Philharmonia Orchestra/Mackerras – 15 & 17 May

15 May

The Cunning Little Vixen – Suite (arr. Mackerras)
Violin Concerto No.1 in G minor, Op.26
Symphony No.1 in A flat, Op.55

17 May

Othello – Concert Overture, Op.93
Piano Concerto No.1 in B flat minor, Op.23
Symphony No.3 in F, Op.90

Sarah Chang (violin)

Nikolai Lugansky (piano)

Philharmonia Orchestra
Sir Charles Mackerras

Reviewed by: Colin Anderson

Reviewed: 17 May, 2003
Venue: Royal Festival Hall, London

A free night from the responsibilities of reviewing – so I go to a concert! It was an unintended Plan B – the allotted critic for the first of these Philharmonia Orchestra concerts met with an unfortunate mishap en route to the Festival Hall, which required medical attention. Rather than fall on his sword for one last report, the contributor concerned lives to scribe on many more occasions. I was down for the second concert anyway.

It’s a shrewd move on the Philharmonia’s part to sign-up Sir Charles Mackerras as its Principal Guest Conductor – sparks fly when they get together. Maybe too much so in the Brahms, which in the outer movements hustled and bustled to untimely effect; the horns were often too loud, albeit much else was sensitively balanced. The middle movements were altogether more arresting, Mackerras making distinct what can be two slow movements. It’s rare that this particular Brahms symphony ends a concert; it concludes quietly – thus the too early applause into what should be reflective silence was regrettable.

These concerts made a thoughtfully planned pair – Elgar had particular admiration for Brahms’s Third, the chosen concertos are possibly the most popular within their respective genres, and Mackerras is sine qua non in Czech music.

In both concertos the fresh response from the Philharmonia was a pleasure in itself – nothing routine here as Mackerras scooped out and placed detail with a rigour and sensibility that was bespoke rather than off the peg. No doubting Sarah Chang’s passion and communication either, although her playing was as much accomplishment as interpretation.

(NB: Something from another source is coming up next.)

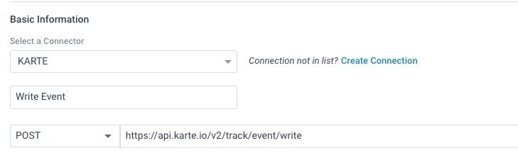 方式はPOST、URLはhttps://api.karte.io/v2/track/event/write を指定します。
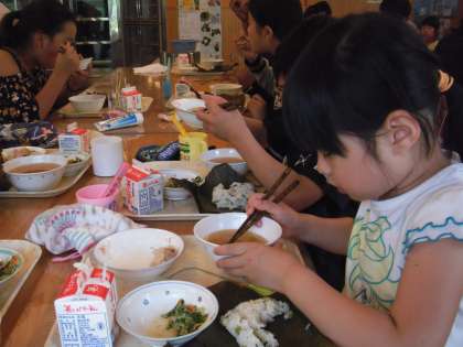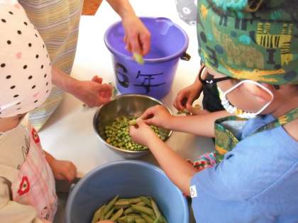 6月11日は,年に一度のお楽しみ,「朴葉ごはん給食」でした。前日には,1年生とひかり学級のみんなと一緒に,エンドウ豆のさやむきをしました。給食の時間には,豆の風味を感じながら,おいしく食べていました。

Nikolai Lugansky breathed new life into Tchaikovsky’s imposing concerto – it was certainly grand, the famous opening tune given with a majesty that was also part of a groundplan that integrated episodes into a cohesive whole. There was no lack of bravura on Lugansky’s part, equally there was nothing that was ostentatious, technique a means to an musical end; high-water marks and intimate expression seemed indivisible as the long (here, 23 minutes) first movement ran its inevitable course. Lugansky’s lightness of touch and dexterity in the second movement’s scherzando section was pure delight (capped by a magical diminuendo returning us to the slower music), so too his unforced if determined traversal of the Finale. Maybe a recording is planned?

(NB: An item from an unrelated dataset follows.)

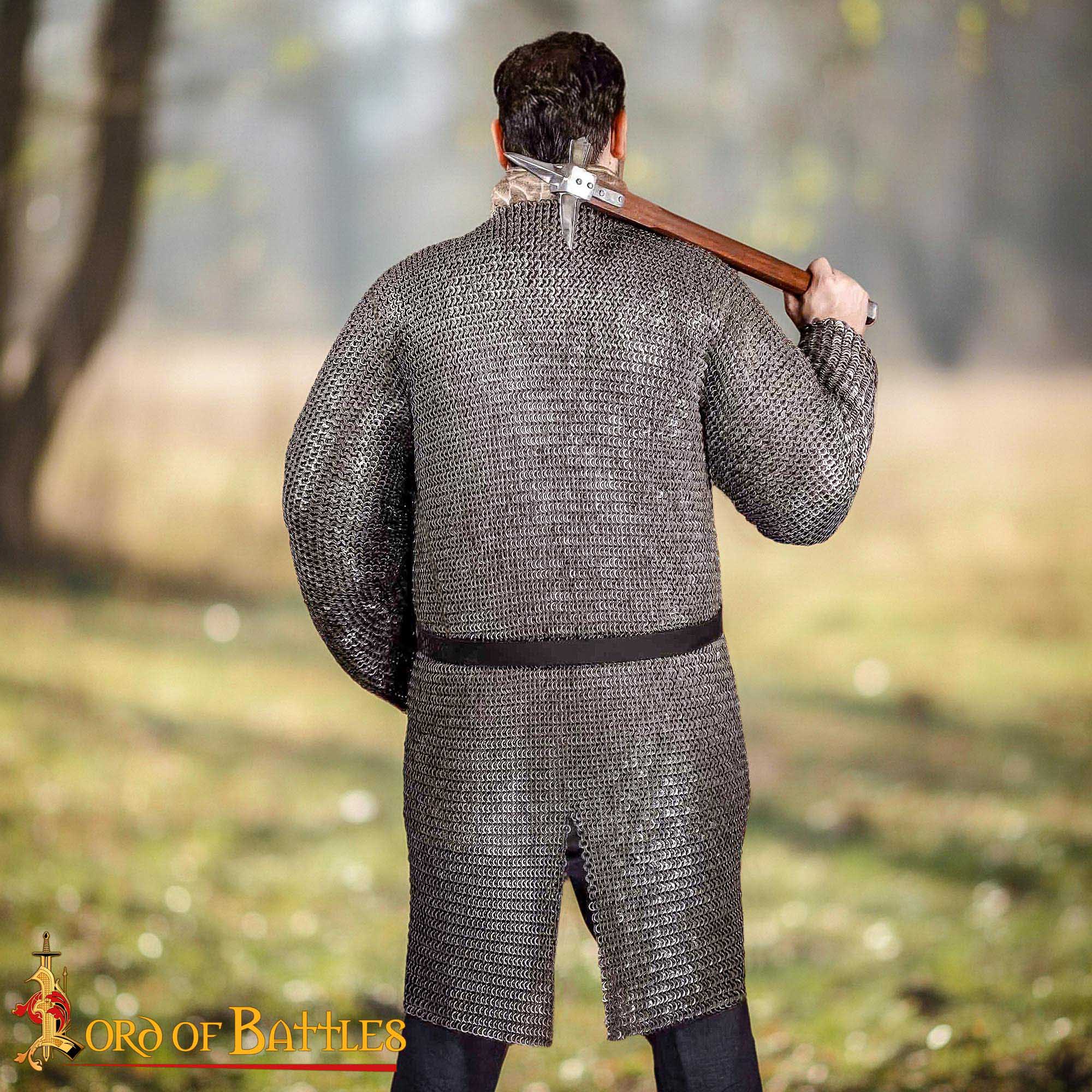 The natural oiled finish of the Chainmail Hauberk increases its authentic appearance and provides basic protection against rust. With knee-length coverage and long sleeves, it provides excellent defense for reenactors, medieval fighters, and history enthusiasts.

Of Mackerras’s own suite from Janácek’s opera, little need be said; I gather he used Janácek’s original manuscript for his continuous extracts. Janácek’s individuality (quirkiness) was seized upon, and whether in clarity of detail, phrasal fondness or rhythmic liberation, everything made sense. Dvořák’s tone-poem treatment of Othello isn’t among his best works (I write this believing Dvořák to be one of the great composers), the musical ideas shared with In Nature’s Realm and Carnival (Othello’s overture companions) being the best. Yet some raptly beautiful string playing in the opening measures and Mackerras’s dramatic thrust certainly made Othello’s inclusion worthwhile.

While some less than idiosyncratic impulses lost Brahms his classical sense of structure, Mackerras’s ’sands of time’ flexibility was ideal for Elgar – as Anthony Payne notes, Elgar’s German counterpart is Schumann, not Brahms. The opening motto was mostly ’semplice’ with a hint of ’nobilmente’, the turn into the ’Allegro’ exquisitely judged, the ebb and flow of emotion measured to a nicety, so too instrumental balance. The Scherzo had a militaristic edge, more invasive threat than imperial pomp – the real Elgar. The thematically related (and co-joined) ’Adagio’ was of molten tenderness, the pianissimo recall held the breath. The Finale launched under a welter of coughs, Mackerras and the Philharmonia were as one charting from shadows to resolution and opening up eloquent vistas along the way. A magnificent performance.

One curiosity was Mackerras’s disposition of the strings – both first halves had them arranged violins to cellos, left to right (the now standard way). For both symphonies, cellos and second violins swapped places; thus violins were antiphonal, as one would expect with Sir Charles, and the music benefited accordingly from using yesteryear’s standard placement. Double basses formed a row back-centre. Perhaps the banner should be: expect the unexpected with Sir Charles Mackerras.